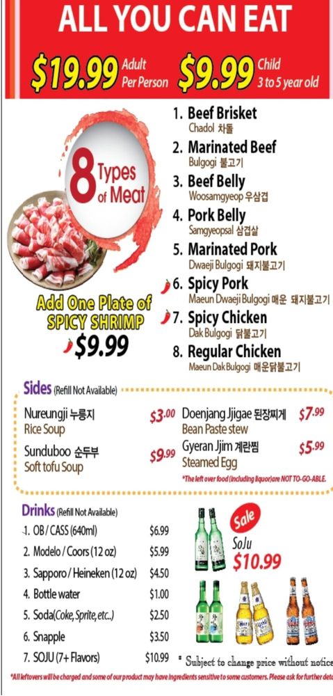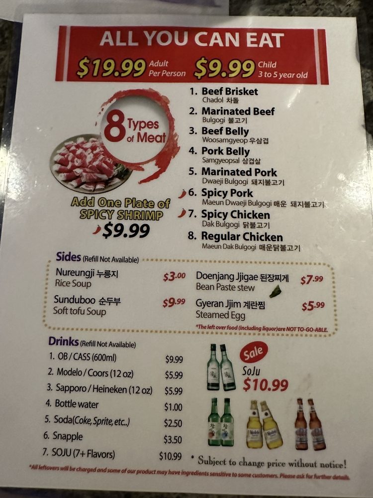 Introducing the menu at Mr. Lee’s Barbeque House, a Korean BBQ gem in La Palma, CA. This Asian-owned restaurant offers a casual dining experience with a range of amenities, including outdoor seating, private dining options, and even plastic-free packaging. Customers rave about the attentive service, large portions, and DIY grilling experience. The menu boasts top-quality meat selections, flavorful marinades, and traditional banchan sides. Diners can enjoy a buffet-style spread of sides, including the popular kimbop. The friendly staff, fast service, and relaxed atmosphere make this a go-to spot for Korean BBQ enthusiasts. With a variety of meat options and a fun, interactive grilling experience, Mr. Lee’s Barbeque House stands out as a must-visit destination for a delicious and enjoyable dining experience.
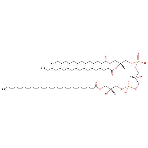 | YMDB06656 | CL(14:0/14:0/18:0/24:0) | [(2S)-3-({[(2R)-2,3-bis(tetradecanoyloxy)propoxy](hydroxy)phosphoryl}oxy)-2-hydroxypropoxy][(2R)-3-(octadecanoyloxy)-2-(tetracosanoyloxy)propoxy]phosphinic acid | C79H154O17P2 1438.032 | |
####
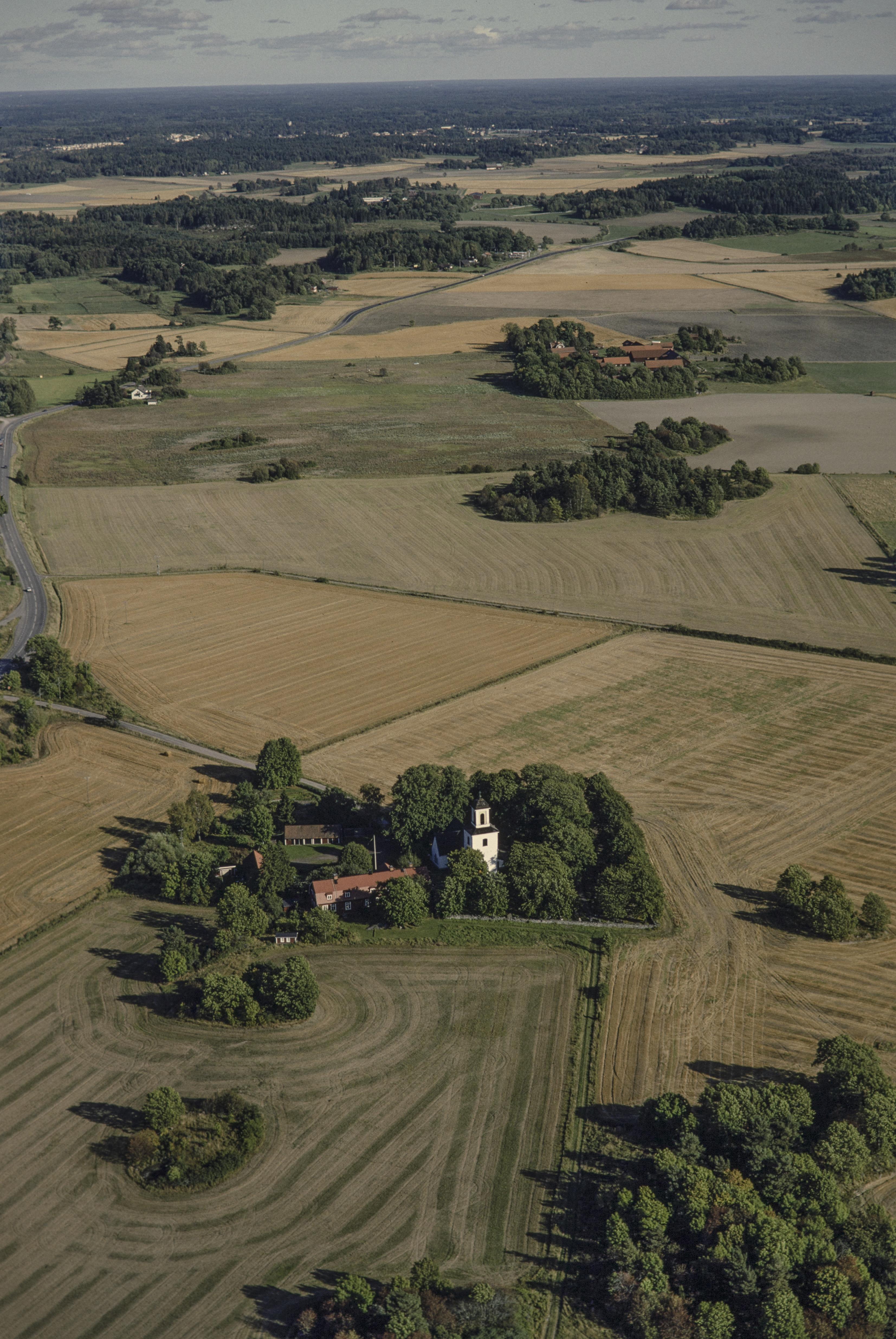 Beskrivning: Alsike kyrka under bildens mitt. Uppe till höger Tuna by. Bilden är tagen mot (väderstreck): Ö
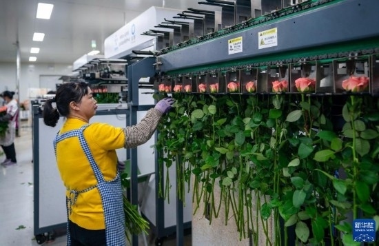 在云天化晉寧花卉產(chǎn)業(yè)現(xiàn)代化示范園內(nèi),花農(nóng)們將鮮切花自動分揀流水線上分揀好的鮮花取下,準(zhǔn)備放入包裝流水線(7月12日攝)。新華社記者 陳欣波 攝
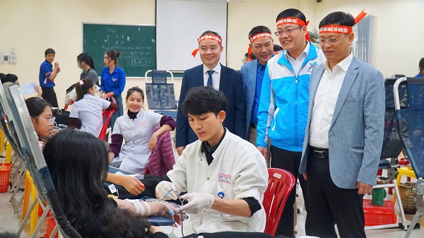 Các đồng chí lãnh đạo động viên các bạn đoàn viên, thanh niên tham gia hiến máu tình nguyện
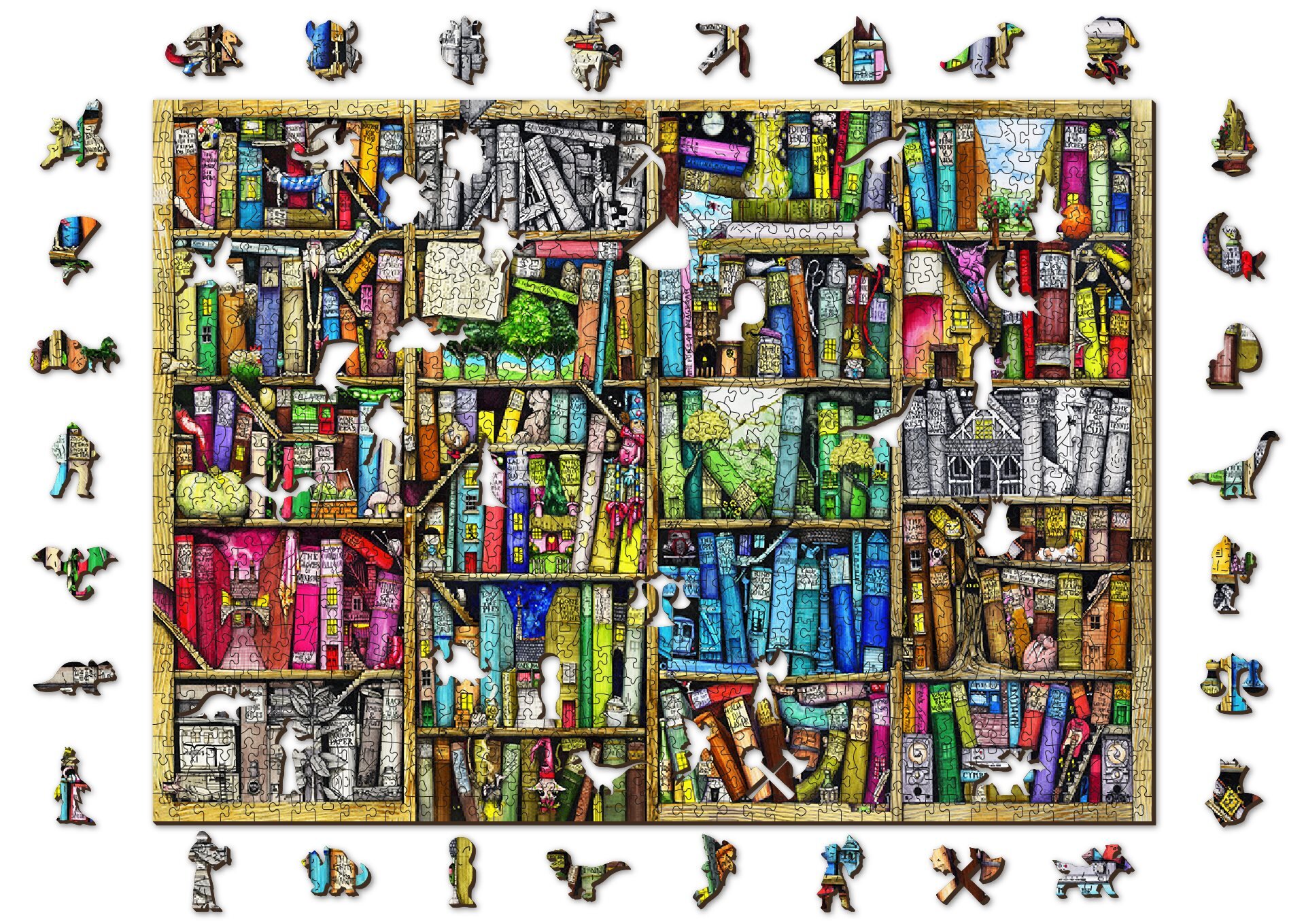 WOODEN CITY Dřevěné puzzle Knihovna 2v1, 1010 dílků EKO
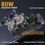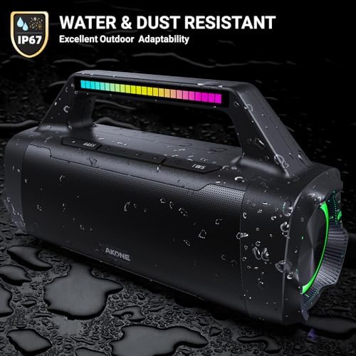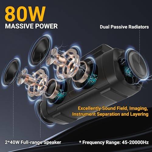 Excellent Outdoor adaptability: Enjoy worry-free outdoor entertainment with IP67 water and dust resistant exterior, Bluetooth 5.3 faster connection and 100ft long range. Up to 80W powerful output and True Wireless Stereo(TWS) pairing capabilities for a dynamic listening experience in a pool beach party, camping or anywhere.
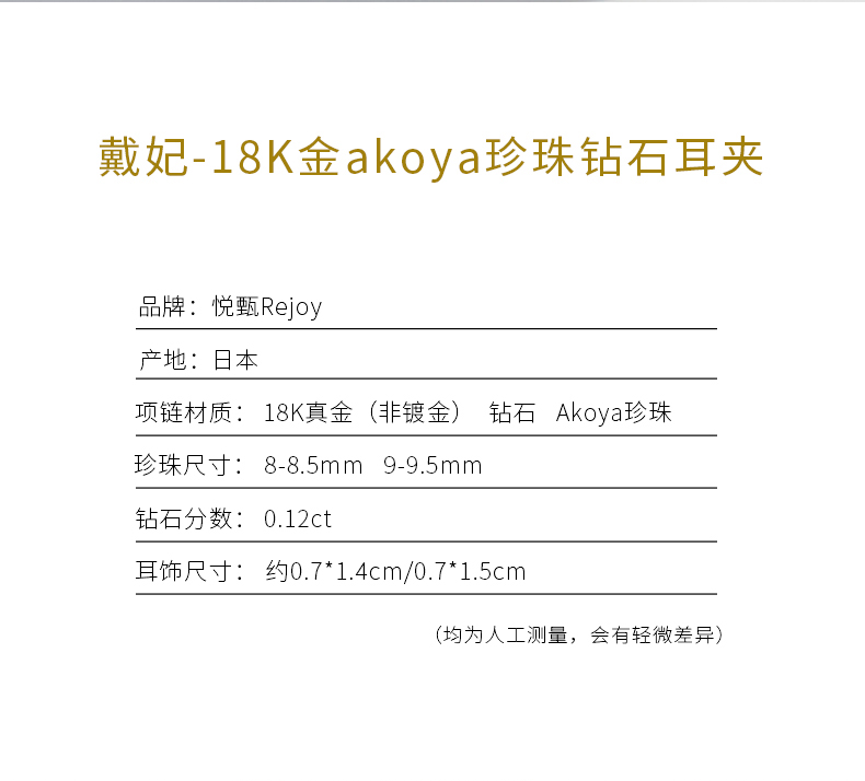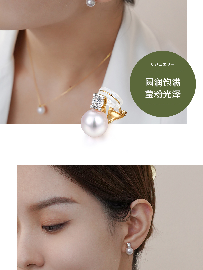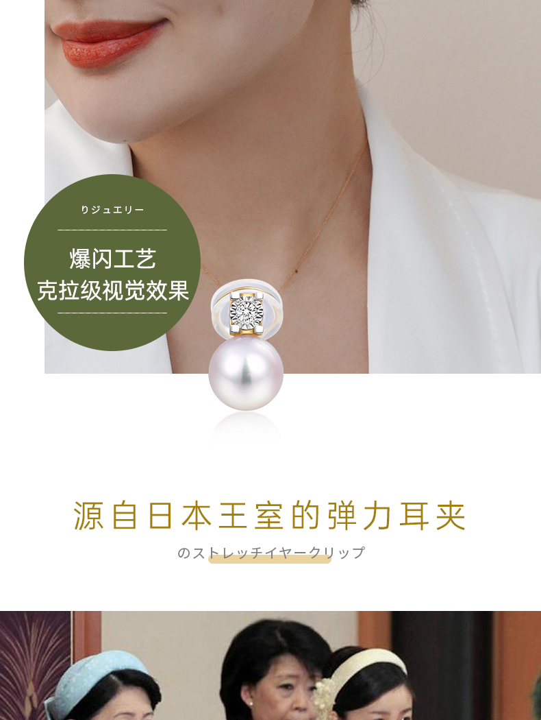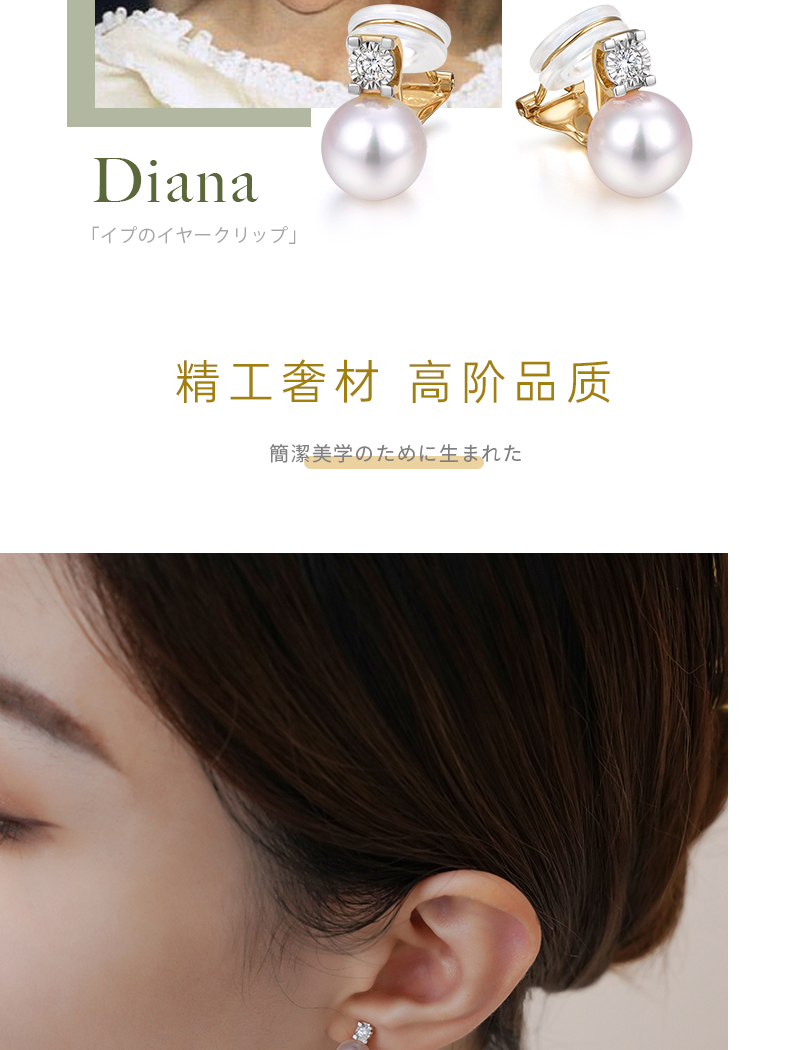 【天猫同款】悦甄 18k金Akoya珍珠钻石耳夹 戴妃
####
_Task requirements_. Return exactly the lines above, from the one with "Introducing the menu" up to and including the one with "1438.032 | |", and include no pictures.

_Expected answer_.
 Introducing the menu at Mr. Lee’s Barbeque House, a Korean BBQ gem in La Palma, CA. This Asian-owned restaurant offers a casual dining experience with a range of amenities, including outdoor seating, private dining options, and even plastic-free packaging. Customers rave about the attentive service, large portions, and DIY grilling experience. The menu boasts top-quality meat selections, flavorful marinades, and traditional banchan sides. Diners can enjoy a buffet-style spread of sides, including the popular kimbop. The friendly staff, fast service, and relaxed atmosphere make this a go-to spot for Korean BBQ enthusiasts. With a variety of meat options and a fun, interactive grilling experience, Mr. Lee’s Barbeque House stands out as a must-visit destination for a delicious and enjoyable dining experience.
 | YMDB06656 | CL(14:0/14:0/18:0/24:0) | [(2S)-3-({[(2R)-2,3-bis(tetradecanoyloxy)propoxy](hydroxy)phosphoryl}oxy)-2-hydroxypropoxy][(2R)-3-(octadecanoyloxy)-2-(tetracosanoyloxy)propoxy]phosphinic acid | C79H154O17P2 1438.032 | |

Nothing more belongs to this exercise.